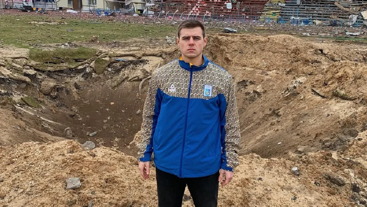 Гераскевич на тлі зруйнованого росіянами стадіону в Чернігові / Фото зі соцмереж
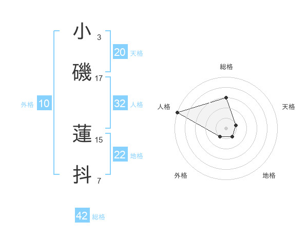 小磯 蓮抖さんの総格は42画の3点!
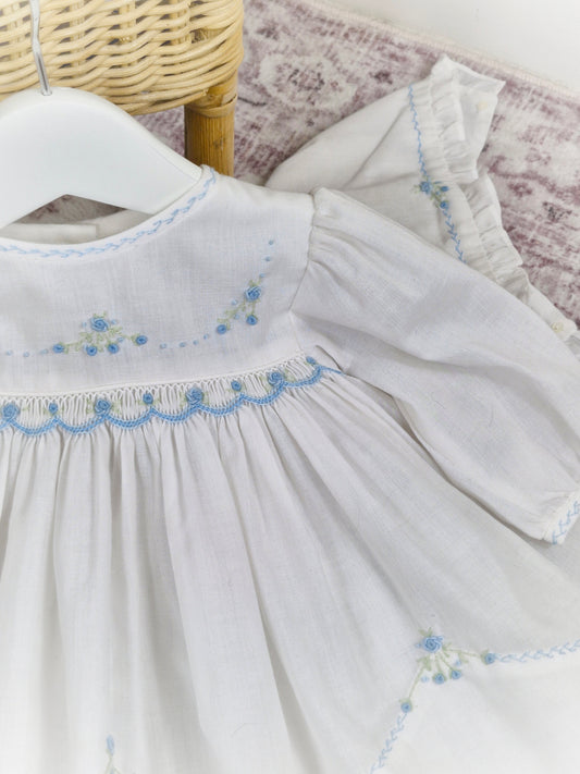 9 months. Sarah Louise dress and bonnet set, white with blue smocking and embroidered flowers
::::::::
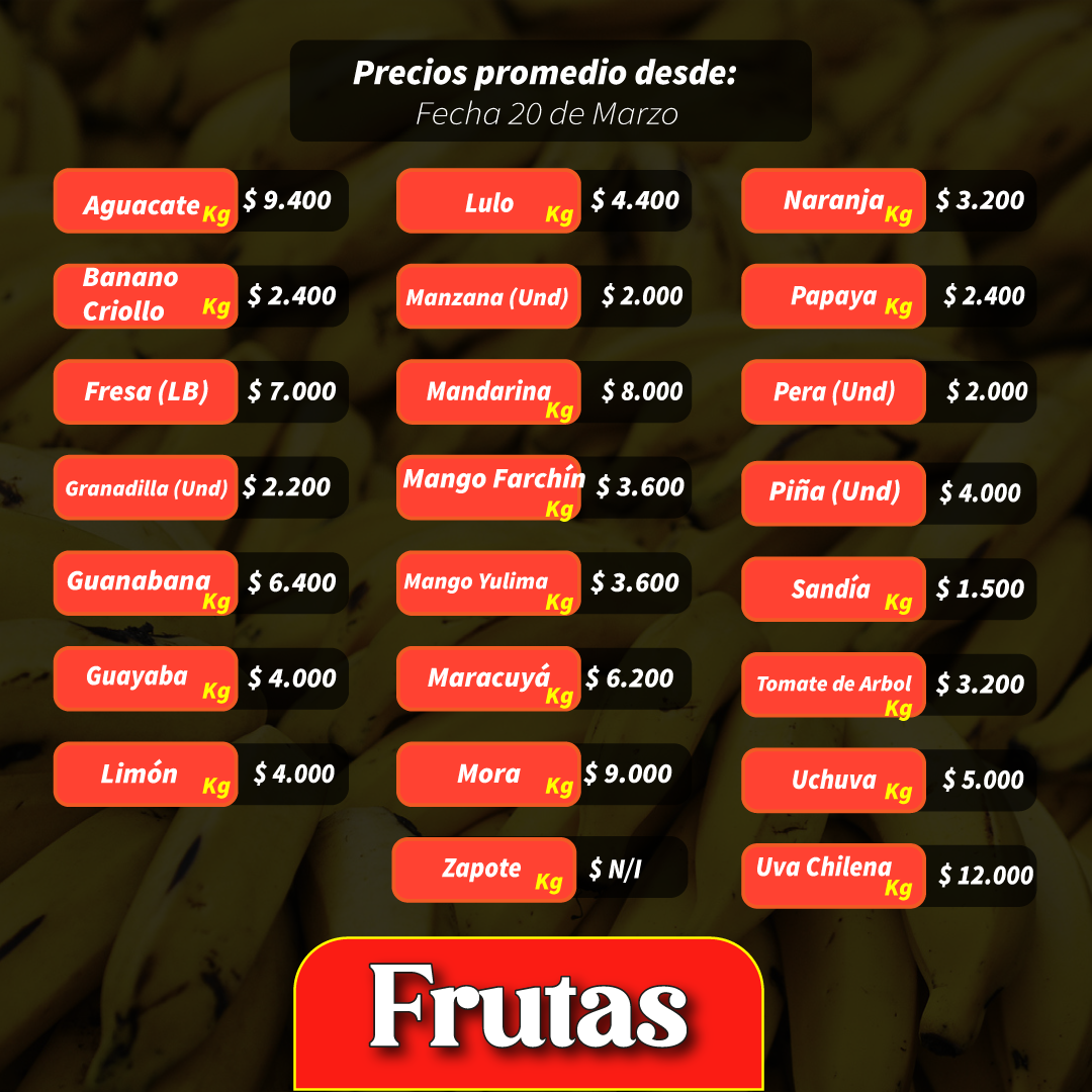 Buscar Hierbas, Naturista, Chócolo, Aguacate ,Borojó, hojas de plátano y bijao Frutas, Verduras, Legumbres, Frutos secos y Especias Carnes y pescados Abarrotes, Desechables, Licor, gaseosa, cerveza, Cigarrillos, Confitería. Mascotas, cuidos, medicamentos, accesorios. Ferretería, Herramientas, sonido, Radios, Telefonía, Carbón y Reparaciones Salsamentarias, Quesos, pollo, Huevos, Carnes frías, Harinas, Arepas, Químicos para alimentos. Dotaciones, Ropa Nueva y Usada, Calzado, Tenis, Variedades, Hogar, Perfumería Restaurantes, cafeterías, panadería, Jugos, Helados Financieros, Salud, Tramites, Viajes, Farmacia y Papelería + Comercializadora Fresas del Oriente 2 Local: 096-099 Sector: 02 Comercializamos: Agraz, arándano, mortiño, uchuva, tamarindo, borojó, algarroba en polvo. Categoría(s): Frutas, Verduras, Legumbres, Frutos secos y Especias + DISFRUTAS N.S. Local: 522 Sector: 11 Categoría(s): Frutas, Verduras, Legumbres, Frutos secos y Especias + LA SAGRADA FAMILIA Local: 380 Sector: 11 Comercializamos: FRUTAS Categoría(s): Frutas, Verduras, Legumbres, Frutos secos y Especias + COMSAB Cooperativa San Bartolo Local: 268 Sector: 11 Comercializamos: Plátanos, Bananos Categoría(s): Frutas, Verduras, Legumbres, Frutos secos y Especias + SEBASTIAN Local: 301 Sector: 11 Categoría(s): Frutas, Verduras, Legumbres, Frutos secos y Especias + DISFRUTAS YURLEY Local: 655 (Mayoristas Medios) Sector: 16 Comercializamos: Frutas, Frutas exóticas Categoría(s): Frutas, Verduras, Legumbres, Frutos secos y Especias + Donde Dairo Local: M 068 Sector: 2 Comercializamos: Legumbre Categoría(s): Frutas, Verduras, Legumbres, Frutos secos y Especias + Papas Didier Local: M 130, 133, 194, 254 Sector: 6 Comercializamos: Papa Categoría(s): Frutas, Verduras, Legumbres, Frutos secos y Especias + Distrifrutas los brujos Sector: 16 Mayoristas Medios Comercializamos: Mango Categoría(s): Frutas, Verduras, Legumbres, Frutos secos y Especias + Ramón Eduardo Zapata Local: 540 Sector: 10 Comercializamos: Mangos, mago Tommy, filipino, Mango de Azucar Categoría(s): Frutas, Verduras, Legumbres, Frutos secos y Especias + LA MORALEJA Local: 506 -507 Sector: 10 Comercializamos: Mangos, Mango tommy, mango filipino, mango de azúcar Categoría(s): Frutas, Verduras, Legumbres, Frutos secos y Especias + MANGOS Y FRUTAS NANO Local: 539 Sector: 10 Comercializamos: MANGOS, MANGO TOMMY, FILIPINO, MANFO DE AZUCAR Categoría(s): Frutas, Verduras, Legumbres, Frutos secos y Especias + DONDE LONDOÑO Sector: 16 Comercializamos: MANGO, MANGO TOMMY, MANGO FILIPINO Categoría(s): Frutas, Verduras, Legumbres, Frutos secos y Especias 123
::::::::
Using the data above, copy exactly the lines from the one containing "Гераскевич на тлі" to the one containing "9 months. Sarah", inclusive. Exclude the pictures.

• FINISHED EXERCISE:
 Гераскевич на тлі зруйнованого росіянами стадіону в Чернігові / Фото зі соцмереж
 小磯 蓮抖さんの総格は42画の3点!
 9 months. Sarah Louise dress and bonnet set, white with blue smocking and embroidered flowers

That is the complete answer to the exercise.